"8 Mile"

Review by Adrian Hyland


“"Genius is the brilliant invention of someone looking for a way out." - Jean-Paul Sartre.

The Detroit of Curtis Hanson's new film "8 Mile" is a black, claustrophobic, anonymous city, and with the help of the virtuoso Mexican cinematographer Rodrigo Prieto (who shot "Amores Perros"), Hanson gives us what feels like an authentic depiction of an urban American way of life. Prieto's imagery has great acuity; the city may be full of darkness but we see what we need to see with absolute clarity. We see that for the characters in "8 Mile", happiness isn't an option. They are looking only for a way out, a release, and Hanson is careful not to show us this way out. There are no mandatory shots of the skyline, no 'glittering cityscapes', just a relentless pattern of dirty streets and trailer parks, and a growing sense that for these guys there is no escape. "8 Mile" recreates that feeling of spiritual confinement that is part of living in a big city, and because it also takes us inside the artistic struggle of its white-boy rapper Rabbit (played by Eminem), we feel a tremendous sense of release when finally, through his art, he transcends his origins and finds his 'way out'. The last shot of this movie is truly uplifting, because the scenery may not have changed, but the man has.

The brilliance with which "8 Mile" is executed may be down to Hanson and his crew, but anyone who remembers where they were when they first heard "Stan" will know that Eminem understands cinematic storytelling, and the movie's strong narrative drive can probably be attributed to the rapper's own acute sense of drama. And while he may or may not have had a hand in devising the suspense mechanism that sees Rabbit's moment of truth, his first public performance, withheld until the very last minute, it is Eminem alone who can be held responsible for the fact that when 'the moment' does arrive, it carries with it the unmistakable purity and strength of a great artist at work.

Over the years Eminem has refined his art to the point where there is now very little that's complicated about it. You never find yourself wondering what he's talking about, as is often the case with other rappers; his choice of language transcends the hip-hop genre, while his delivery remains true to hip-hop's storytelling tradition. Eminem mixes his humour and his anger in the way a great stand-up comic like Richard Pryor might, and with each line comes the shock of the new that sets him apart from the kind of mundane rappers who tell us how 'lyrical' they are. There are no linguistic flourishes with Eminem, because like a master storyteller he lets the story tell itself.

If Eminem's recordings are characterised by a sense of barely controlled anger, then his on-screen presence is a beautiful contradiction: he has a ghostly calmness, as if living purely according to his own internal clock. The question of whether or not he can act is somewhat irrelevant, because for him to have completely mastered the craft of becoming someone else would surely have compromised the whole scenario, which is after all that of Eminem's life story, not of a fictional character that needs 'creating'. What is impressive in "8 Mile" is that there is a real sense of connection between him and the other actors in the cast, especially in his scenes with Brittany Murphy, with whom he shares one of the more convincing sex scenes of recent times.

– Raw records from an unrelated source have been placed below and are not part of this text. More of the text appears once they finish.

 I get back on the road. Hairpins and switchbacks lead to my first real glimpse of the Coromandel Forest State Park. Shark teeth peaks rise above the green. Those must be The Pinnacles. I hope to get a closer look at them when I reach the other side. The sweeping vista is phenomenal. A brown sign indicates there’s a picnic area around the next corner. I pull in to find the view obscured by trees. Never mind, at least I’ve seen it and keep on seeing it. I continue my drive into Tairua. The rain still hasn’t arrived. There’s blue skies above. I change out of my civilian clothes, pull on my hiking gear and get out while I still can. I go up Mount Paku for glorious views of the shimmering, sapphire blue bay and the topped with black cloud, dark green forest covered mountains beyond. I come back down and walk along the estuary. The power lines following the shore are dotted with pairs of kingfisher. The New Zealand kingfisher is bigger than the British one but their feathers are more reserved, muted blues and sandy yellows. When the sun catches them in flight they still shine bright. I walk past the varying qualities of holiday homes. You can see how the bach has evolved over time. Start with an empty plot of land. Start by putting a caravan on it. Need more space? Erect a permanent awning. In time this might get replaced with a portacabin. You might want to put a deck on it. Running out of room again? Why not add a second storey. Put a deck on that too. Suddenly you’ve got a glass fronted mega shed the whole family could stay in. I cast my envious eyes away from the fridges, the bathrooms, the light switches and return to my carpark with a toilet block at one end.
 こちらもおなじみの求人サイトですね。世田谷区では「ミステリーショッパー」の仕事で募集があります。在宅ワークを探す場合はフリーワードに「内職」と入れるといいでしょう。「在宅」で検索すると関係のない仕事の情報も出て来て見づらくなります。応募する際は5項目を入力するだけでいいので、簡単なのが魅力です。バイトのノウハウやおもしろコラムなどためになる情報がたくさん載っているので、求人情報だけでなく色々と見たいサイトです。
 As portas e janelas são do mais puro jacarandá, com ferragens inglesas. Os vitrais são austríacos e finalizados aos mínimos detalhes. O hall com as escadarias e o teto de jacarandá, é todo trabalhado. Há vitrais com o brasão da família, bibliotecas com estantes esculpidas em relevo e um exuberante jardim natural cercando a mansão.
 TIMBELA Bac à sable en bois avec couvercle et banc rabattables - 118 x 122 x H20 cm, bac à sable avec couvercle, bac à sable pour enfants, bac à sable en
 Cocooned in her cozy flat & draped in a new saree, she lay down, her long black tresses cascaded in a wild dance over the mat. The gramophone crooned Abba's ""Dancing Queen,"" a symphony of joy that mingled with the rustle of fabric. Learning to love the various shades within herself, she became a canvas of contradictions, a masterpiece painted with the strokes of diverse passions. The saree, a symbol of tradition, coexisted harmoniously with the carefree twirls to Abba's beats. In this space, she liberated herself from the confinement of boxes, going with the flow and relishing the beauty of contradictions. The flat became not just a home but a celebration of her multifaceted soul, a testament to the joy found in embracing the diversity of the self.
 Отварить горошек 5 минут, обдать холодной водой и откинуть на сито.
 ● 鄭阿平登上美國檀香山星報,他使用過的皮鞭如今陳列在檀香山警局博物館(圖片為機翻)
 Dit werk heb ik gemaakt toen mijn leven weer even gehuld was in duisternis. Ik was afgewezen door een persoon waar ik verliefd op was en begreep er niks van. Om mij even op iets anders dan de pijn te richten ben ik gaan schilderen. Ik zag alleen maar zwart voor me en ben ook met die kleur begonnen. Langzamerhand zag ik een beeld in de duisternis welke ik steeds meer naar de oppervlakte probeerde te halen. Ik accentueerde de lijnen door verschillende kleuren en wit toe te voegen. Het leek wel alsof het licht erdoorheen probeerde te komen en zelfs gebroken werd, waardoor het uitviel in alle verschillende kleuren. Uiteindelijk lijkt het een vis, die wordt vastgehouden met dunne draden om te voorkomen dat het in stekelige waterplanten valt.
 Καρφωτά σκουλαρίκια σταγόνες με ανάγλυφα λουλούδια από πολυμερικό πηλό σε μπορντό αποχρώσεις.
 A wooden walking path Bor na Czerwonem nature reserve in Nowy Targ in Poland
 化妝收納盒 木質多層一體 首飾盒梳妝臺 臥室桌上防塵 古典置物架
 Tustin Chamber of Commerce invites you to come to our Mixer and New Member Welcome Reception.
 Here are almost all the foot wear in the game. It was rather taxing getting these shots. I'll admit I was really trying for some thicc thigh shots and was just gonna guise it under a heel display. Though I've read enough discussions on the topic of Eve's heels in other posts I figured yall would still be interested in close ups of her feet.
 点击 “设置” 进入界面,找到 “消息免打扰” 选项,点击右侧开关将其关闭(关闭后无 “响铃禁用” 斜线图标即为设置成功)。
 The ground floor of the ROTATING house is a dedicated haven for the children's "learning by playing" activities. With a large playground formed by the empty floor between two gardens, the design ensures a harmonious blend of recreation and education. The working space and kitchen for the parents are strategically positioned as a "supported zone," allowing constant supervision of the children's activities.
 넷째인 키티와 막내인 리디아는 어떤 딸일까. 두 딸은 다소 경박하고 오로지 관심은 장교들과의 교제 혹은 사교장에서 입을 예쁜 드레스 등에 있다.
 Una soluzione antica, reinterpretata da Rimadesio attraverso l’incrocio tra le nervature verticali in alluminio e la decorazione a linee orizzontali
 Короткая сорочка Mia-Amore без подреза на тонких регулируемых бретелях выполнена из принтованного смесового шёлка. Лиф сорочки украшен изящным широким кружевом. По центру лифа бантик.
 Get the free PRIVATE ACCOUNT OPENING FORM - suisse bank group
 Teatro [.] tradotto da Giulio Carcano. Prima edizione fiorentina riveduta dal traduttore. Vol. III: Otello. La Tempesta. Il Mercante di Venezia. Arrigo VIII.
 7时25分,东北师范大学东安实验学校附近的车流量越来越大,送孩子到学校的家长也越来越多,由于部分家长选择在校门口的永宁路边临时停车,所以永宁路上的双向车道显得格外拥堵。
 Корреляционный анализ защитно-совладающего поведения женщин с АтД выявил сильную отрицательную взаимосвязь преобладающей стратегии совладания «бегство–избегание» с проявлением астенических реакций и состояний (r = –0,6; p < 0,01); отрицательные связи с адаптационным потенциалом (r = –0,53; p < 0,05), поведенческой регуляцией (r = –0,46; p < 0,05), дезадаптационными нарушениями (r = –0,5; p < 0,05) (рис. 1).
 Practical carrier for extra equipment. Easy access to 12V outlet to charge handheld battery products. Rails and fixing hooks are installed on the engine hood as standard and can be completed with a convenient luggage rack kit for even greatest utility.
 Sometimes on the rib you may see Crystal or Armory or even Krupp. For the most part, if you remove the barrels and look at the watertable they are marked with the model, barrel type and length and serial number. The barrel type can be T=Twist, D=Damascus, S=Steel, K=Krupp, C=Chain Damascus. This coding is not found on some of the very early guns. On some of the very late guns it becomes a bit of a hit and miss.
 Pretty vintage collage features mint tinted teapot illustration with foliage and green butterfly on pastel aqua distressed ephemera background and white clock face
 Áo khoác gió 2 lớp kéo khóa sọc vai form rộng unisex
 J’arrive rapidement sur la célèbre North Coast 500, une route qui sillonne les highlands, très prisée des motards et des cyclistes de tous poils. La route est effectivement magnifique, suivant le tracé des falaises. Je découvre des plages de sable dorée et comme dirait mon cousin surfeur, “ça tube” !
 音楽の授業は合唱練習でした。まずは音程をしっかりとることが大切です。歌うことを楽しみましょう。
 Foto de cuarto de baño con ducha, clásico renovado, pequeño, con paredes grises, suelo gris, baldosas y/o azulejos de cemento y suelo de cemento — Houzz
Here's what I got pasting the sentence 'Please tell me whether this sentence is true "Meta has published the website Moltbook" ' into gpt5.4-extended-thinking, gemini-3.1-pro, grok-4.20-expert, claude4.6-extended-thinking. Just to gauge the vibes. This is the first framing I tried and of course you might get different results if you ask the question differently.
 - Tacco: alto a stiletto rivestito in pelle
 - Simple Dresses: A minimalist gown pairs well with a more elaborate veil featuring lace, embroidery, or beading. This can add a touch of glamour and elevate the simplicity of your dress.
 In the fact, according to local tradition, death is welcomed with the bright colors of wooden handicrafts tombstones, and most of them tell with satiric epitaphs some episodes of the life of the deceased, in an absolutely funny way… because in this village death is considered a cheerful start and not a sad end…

Murphy has a strikingly original presence; I can't think of another actress who could have made the character of Alex so disconcertingly hungry - she won't be needing to audition for any of those upcoming 'nymphomaniac groupie' roles with this performance in the can - and the chemistry between her and the sullen, unsmiling Rabbit is just right. Kim Basinger seems miscast as Rabbit's mother (the comic scene in which she forces the details of her sex life on her son would probably have worked better in an Eminem song), but Hanson's superb directorial control can be felt in the almost uniformly excellent performances of the rest of the cast, and although the conception of one or two of the characters feels contrived, the momentum of the story never really suffers as a result.

"8 Mile" represents a triumph for Curtis Hanson, who after the cringe-fest that was "Wonder Boys" re-establishes himself as one of the best directors in Hollywood. His films have always had quality acting and a strong sense of place, and in "L.A. Confidential" he made one of the most viscerally exciting movies of the '90s, but "8 Mile" is a different kind of film, with a different subject matter. In "L.A. Confidential" the threat of physical danger was everywhere, and Hanson infused his sun-drenched locations with a kinaesthetically charged atmosphere that promised violence. In "8 Mile" Hanson's primary interest, as it was in "Wonder Boys", is in the artistic process, and although there is violence in "8 Mile", it doesn't linger in the mind, because we know that on these dark streets it's Rabbit's spirit, not his body, that's in danger. When Eminem as Rabbit takes the bus to work and, with his headphones on, drifts off into that personal space that is his only deliverance, mentally firing off verbal shots that accompany the beat in his ears and the bomb-site of a city that is his view through the window, everything becomes clear, his destiny seems as inexorable as the rhythm of the music, and we feel privileged to be watching an heroic act: the creation of something where there was previously nothing.

— Adrian Hyland studied post-production at South Seas Film & Television School. He now works as a news editor at TV3.